The U.S. Supreme Court on Wednesday rejected an increasingly popular bankruptcy-court tactic, structured dismissals of bankruptcy cases by way of settlements that override payment priority rules.
The ruling came in the closely watched case of Jevic Transportation, a New Jersey trucking company that shut down suddenly, throwing thousands of drivers out of work, and filed for bankruptcy in 2008.
Jevic’s chapter 11 bankruptcy ran out of money and ended with a court-approved deal that meant some cash for junior creditors, but nothing for drivers that had priority claims.

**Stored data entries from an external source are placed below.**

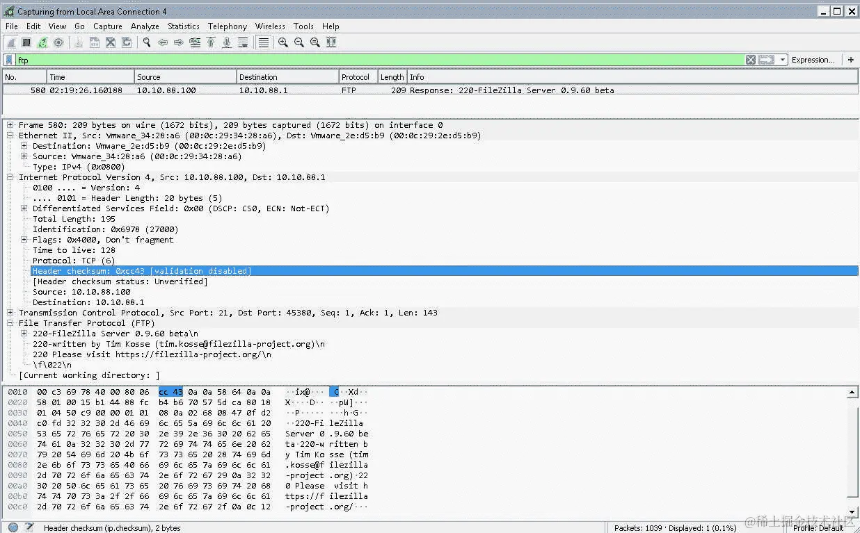 此外,如果我们仍然在网关上运行 Wireshark,我们会注意到 Wireshark 捕获了在重新计算后设置校验和值的ftp数据包流:
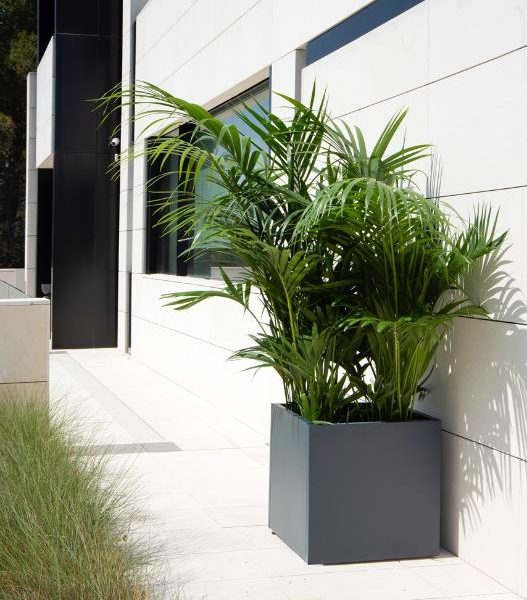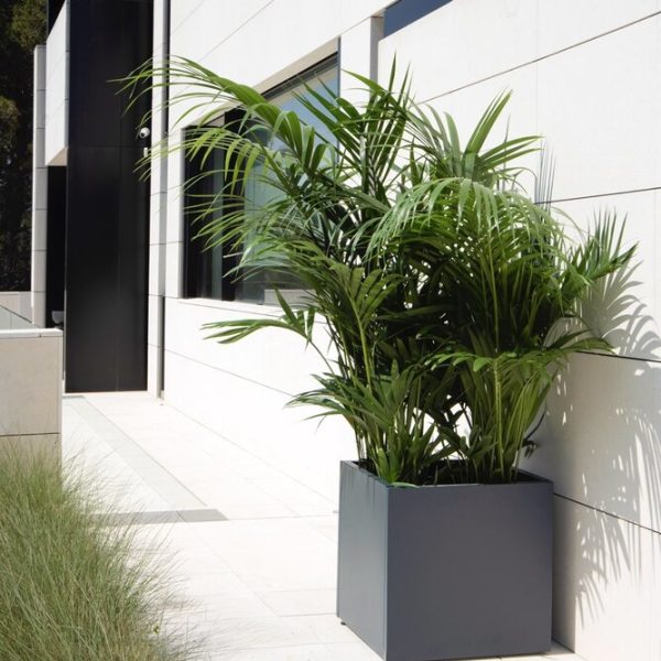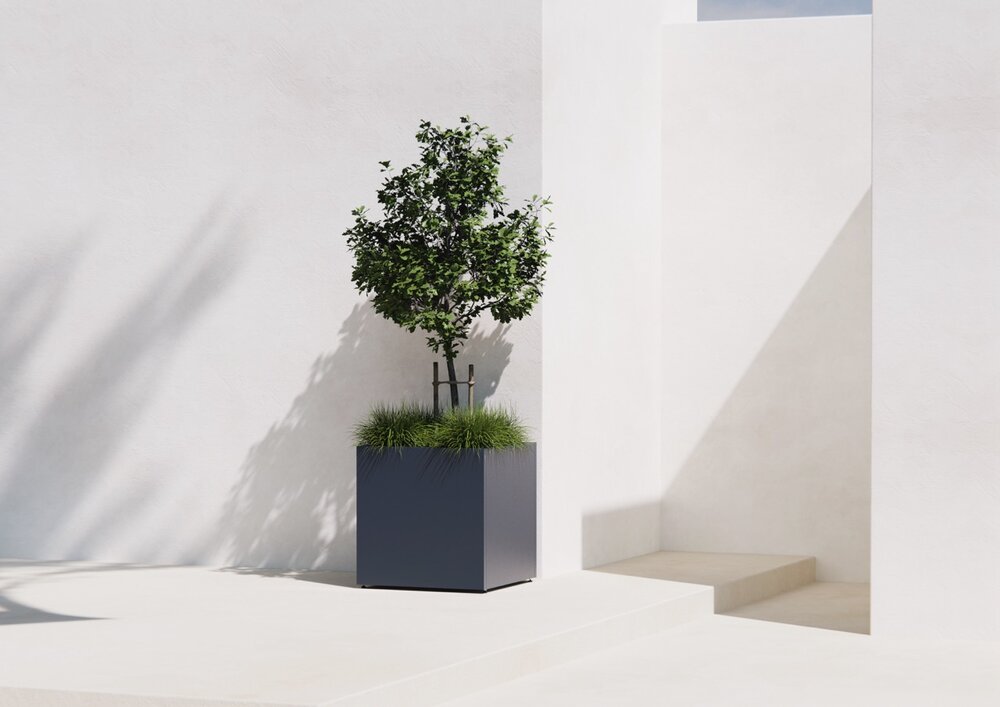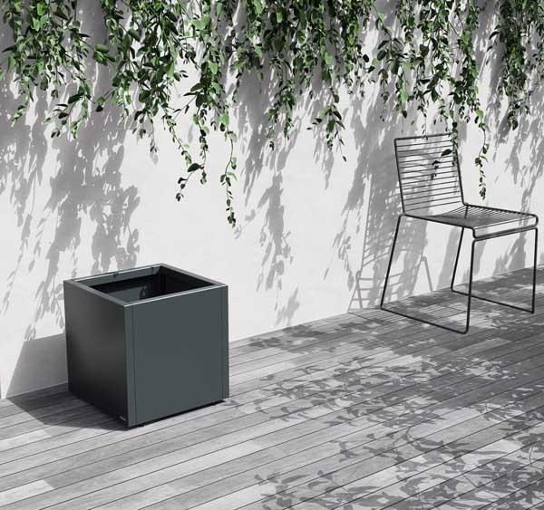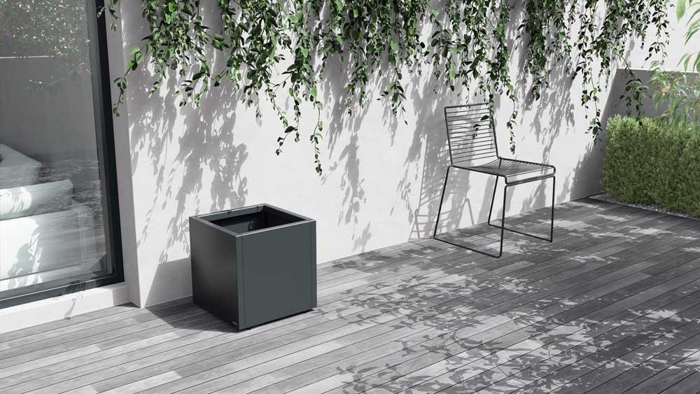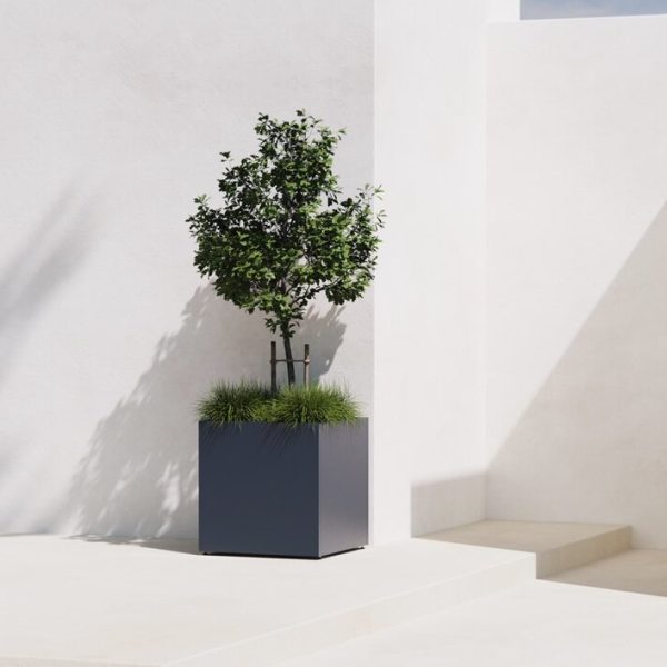 Denne plantekassen i stål kombinerer funksjonalitet og estetikk med sin kubeform på 70x70x70 cm. Størrelsen gir god plass til større planter, trær eller komplekse blomsteroppsatser, og den fungerer både som et blikkfang og et praktisk element i uterommet.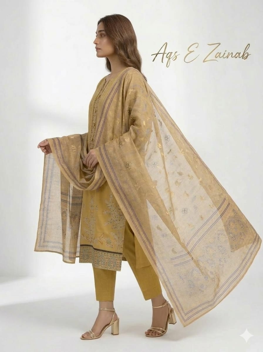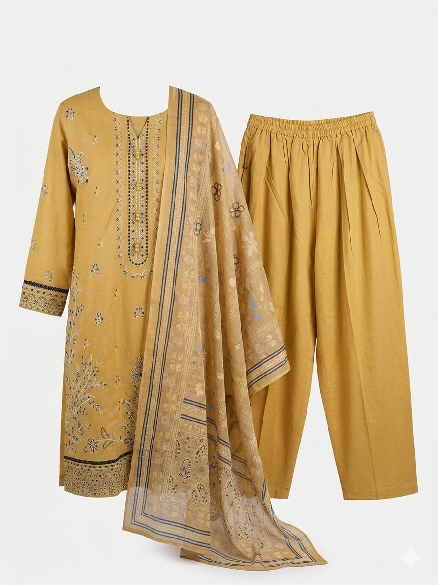 This 3-piece ladies suit is designed to give a stylish, elegant, and attractive look while keeping comfort in mind. The set includes a beautiful kurta and matching bottom, creating a neat and graceful outfit that is easy to wear and style.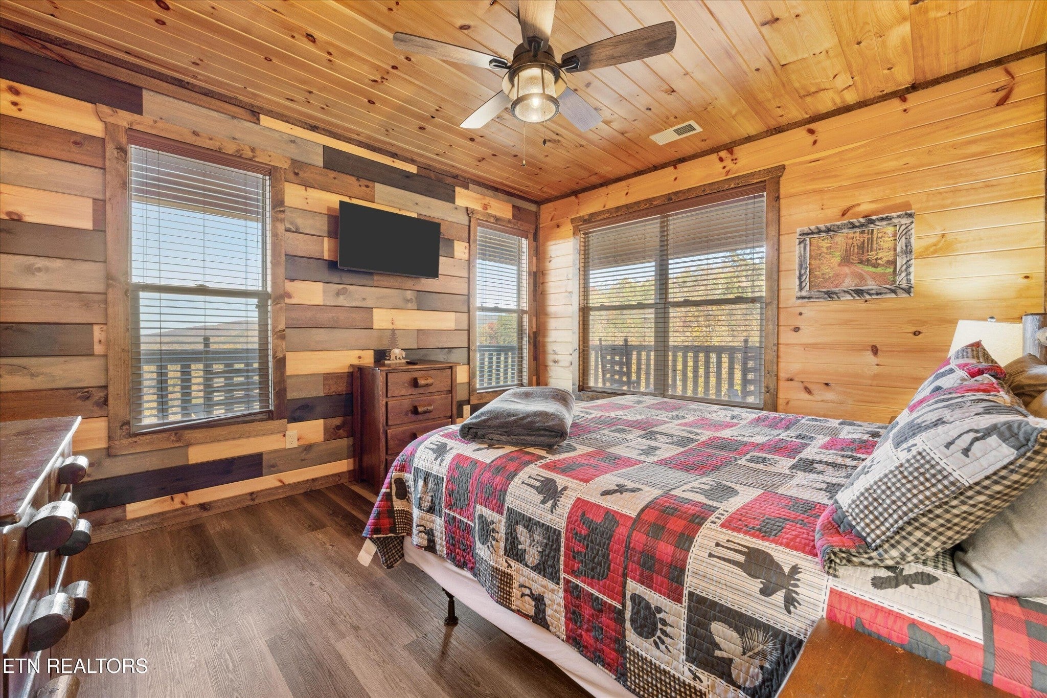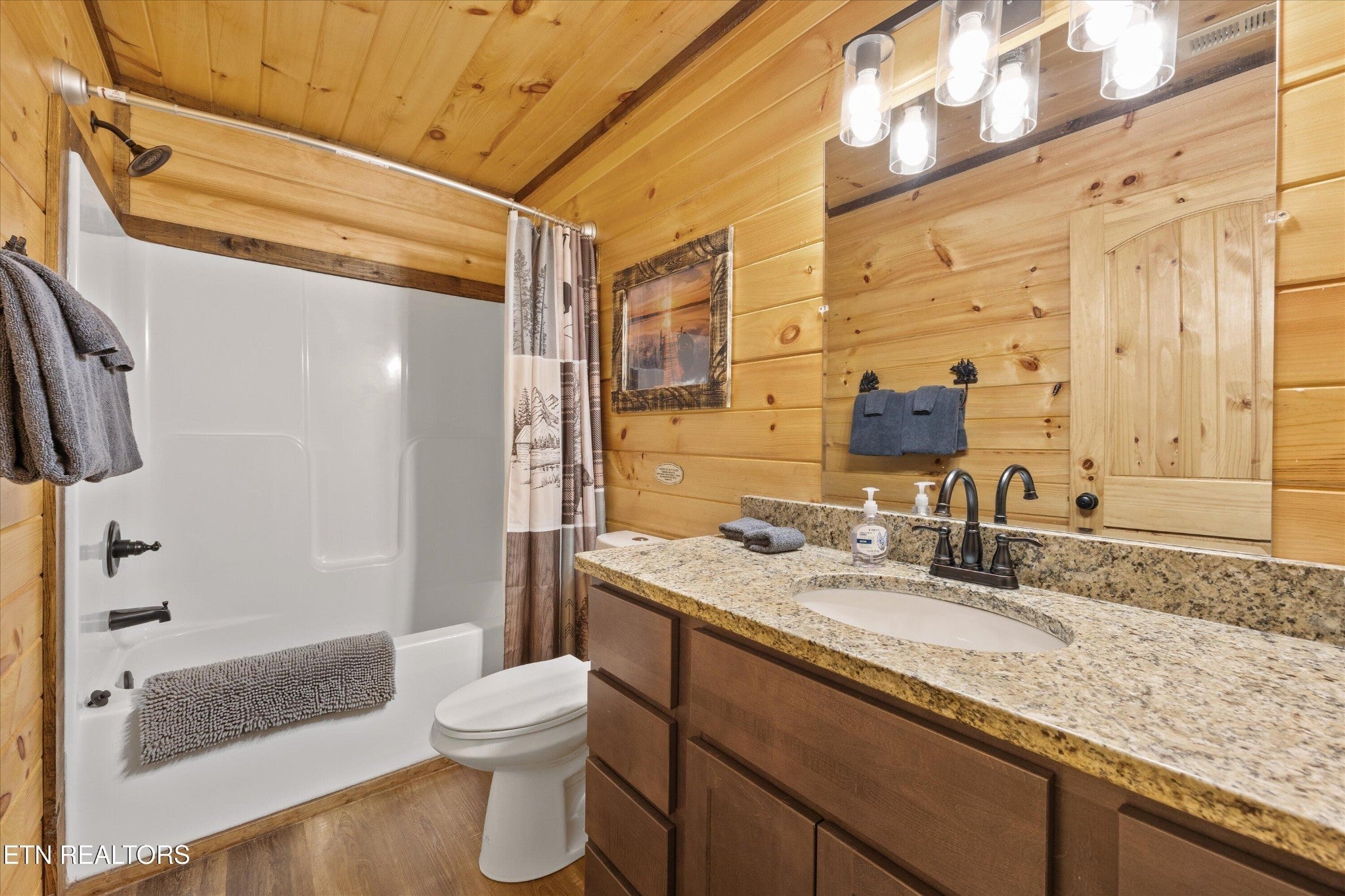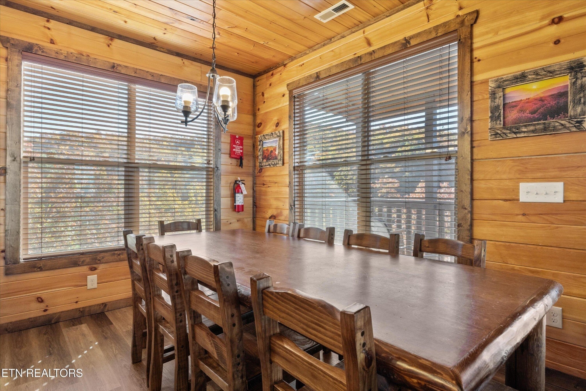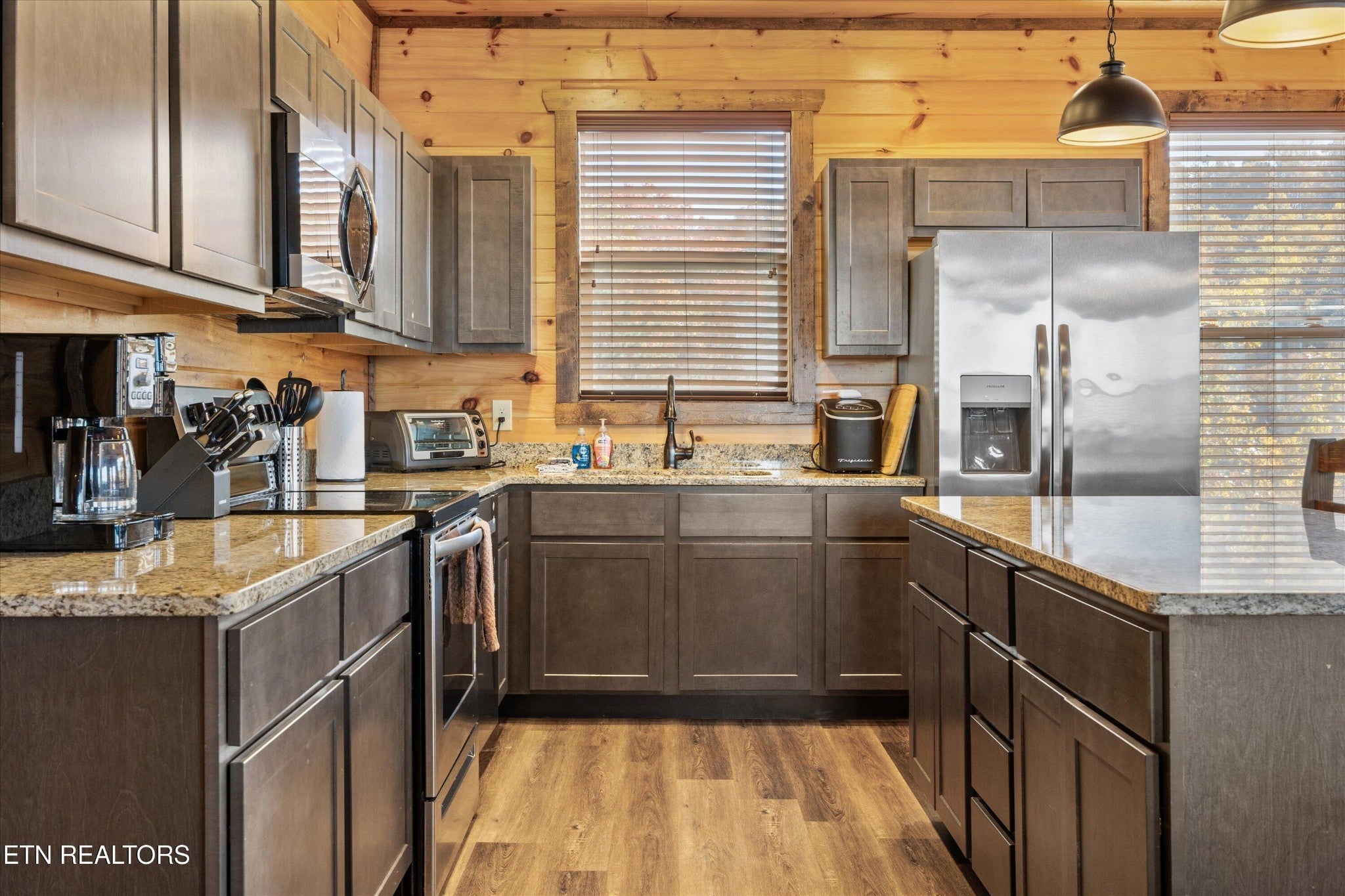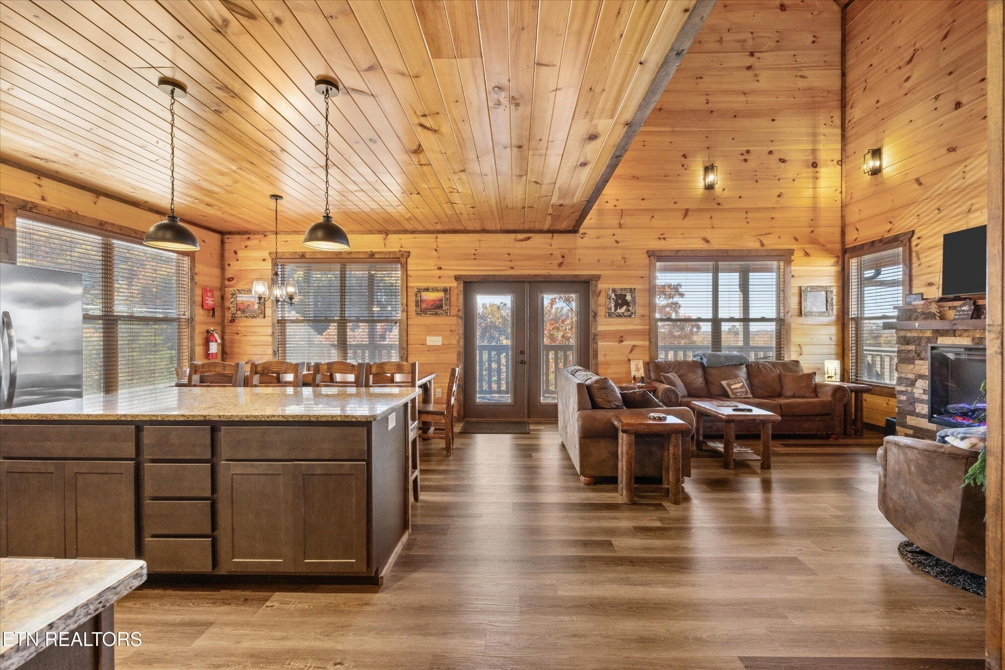 Welcome to your ultimate Smoky Mountain escape! This incredible cabin offers jaw-dropping, unobstructed mountain views and every amenity you could dream of from a private indoor swim spa to a wraparound porch made for sunrise coffee and sunset cocktails. The main level features two king bedrooms, a full bath, a cozy living room with an electric fireplace, and a smart TV. The open-concept dining area easily seats 10, and the kitchen comes fully stocked with everything you need. Head upstairs to find the ultimate hangout space with a loft with two custom-built bunk beds (twin-over-full), another pullout sofa, and a TV perfect for movie nights or kid adventures. You'll also find a king suite, an additional king bedroom, and a full bathroom. Downstairs is where the fun really begins with your very own theater room with reclining seats and a futon, pool table, air hockey, classic arcade console, and that amazing indoor swim spa. Step outside to your second porch to find a bubbling outdoor hot tub, fire pit with seating for the whole crew, and plenty of space to soak in the view. This property is all about relaxation and play with easy access to Sevierville, Pigeon Forge, and Gatlinburg, you're never far from adventure, dining, and entertainment. And with a spacious driveway, there's plenty of parking for everyone. Whether you're looking for a family getaway, an income-producing short-term rental, or the perfect mountain retreat this cabin has it all.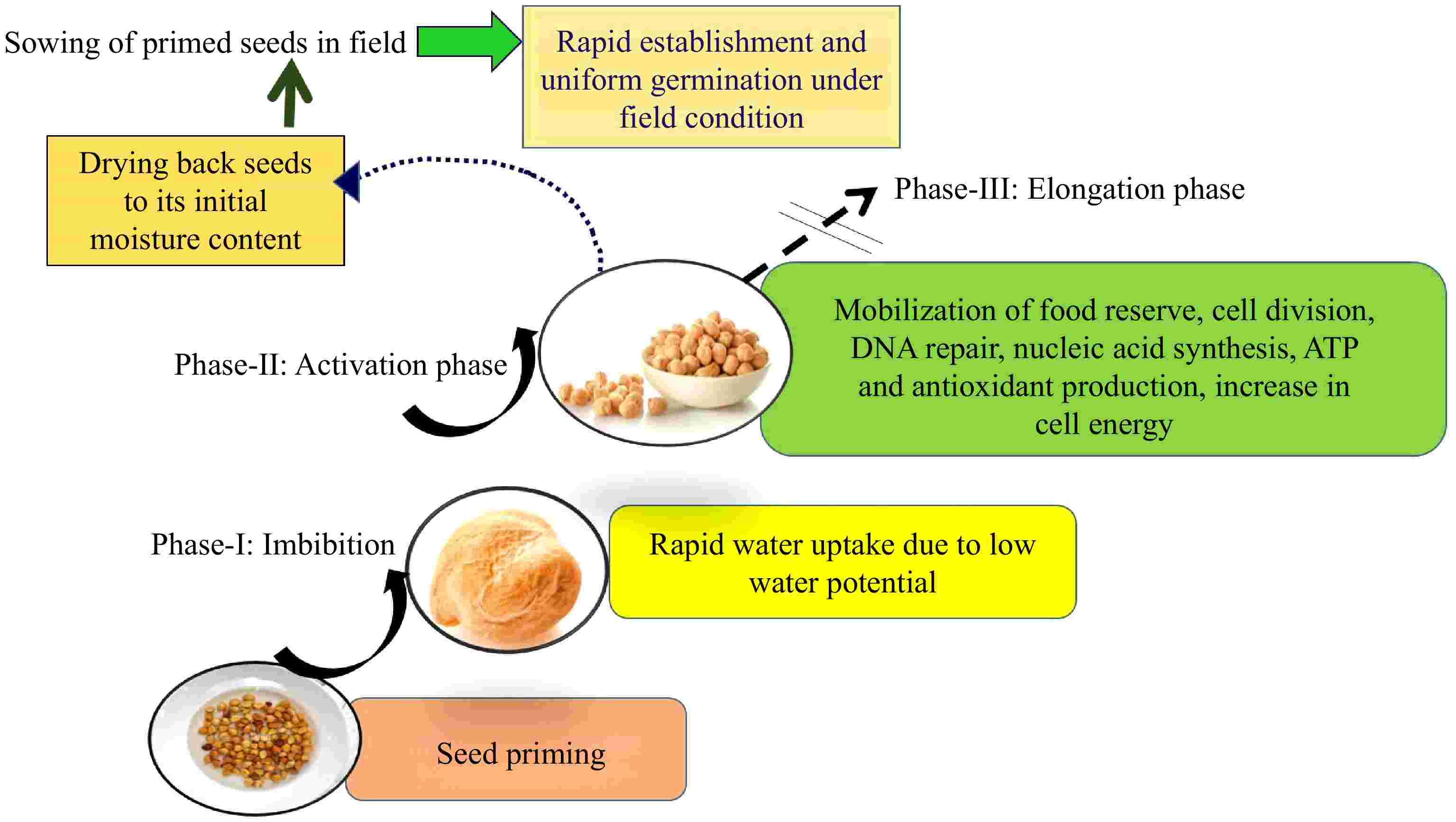 Seed priming enhances germination and vigor by triggering various molecular, physiological, and biochemical changes. These include improved reserve mobilization, faster RNA and protein synthesis, increased nutrient content, better membrane integrity, reduced oxidative stress, and enhanced enzyme activity. These factors collectively contribute to the improved performance of primed seeds[22−24].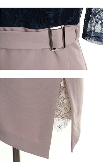 3. 【DEA.by ROBE de FLEURS/ディア】レーススリーブ 袖あり タイトミニドレス[ホワイト×ディープパープル][1371]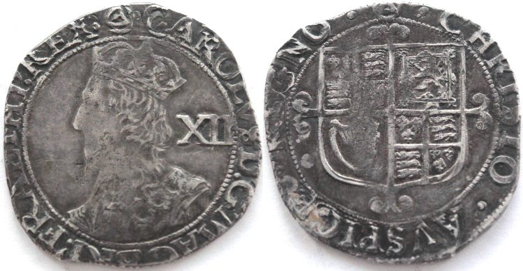 Charles I (1625-1649) silver hammered shilling, Tower Mint under control of the King, Group F, sixth (Briot's) bust, type 4.4, square topped shield with no "C R", mint mark triangle in circle (1641-1643). Reasonable collectable condition for type on usual ragged flan, see photograph. Spink No: S.2799, Sharp G1/2. Diameter 29.2mm. F+. £75.00 e-mail David at enquiries@abccoinsandtokens.com to order. |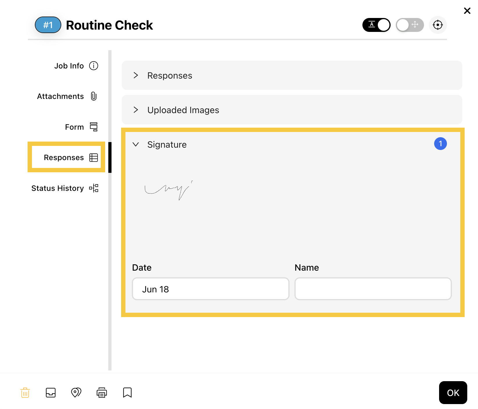 Paso 3: Desde la vista general de la Tarea, selecciona Respuestas (Responses) para ver la firma capturada.

Instead of a chapter 11 plan, Jevic wrapped up its affairs with a settlement and dismissed its bankruptcy case. A six-justice majority of the high court on Wednesday found that ran afoul of rules set out by Congress.
“Bankruptcy courts may not approve structured dismissals that provide for distributions that do not follow ordinary priority rules without the consent of affected creditors,” said Justice Stephen Breyer, writing for the majority.
Unpaid wages, taxes and other categories of debt have been given priority in bankruptcy by Congress, and are required to be paid before other debts. Jevic’s structured dismissal overran those rules, over the protests of the unpaid truckers.
Wednesday’s ruling overturned the Jevic dismissal, on the grounds that beleaguered companies cannot do in a settlement what they couldn’t do in chapter 11 or chapter 7, ignore the payment priority scheme set out by Congress.
As long as priority creditors don’t consent to the deal, such settlements can’t be approved, the high court said.
Jevic’s deal didn’t save the company as a business or promote the possibility a chapter 11 exit plan could be confirmed, a six-justice majority of the high court noted.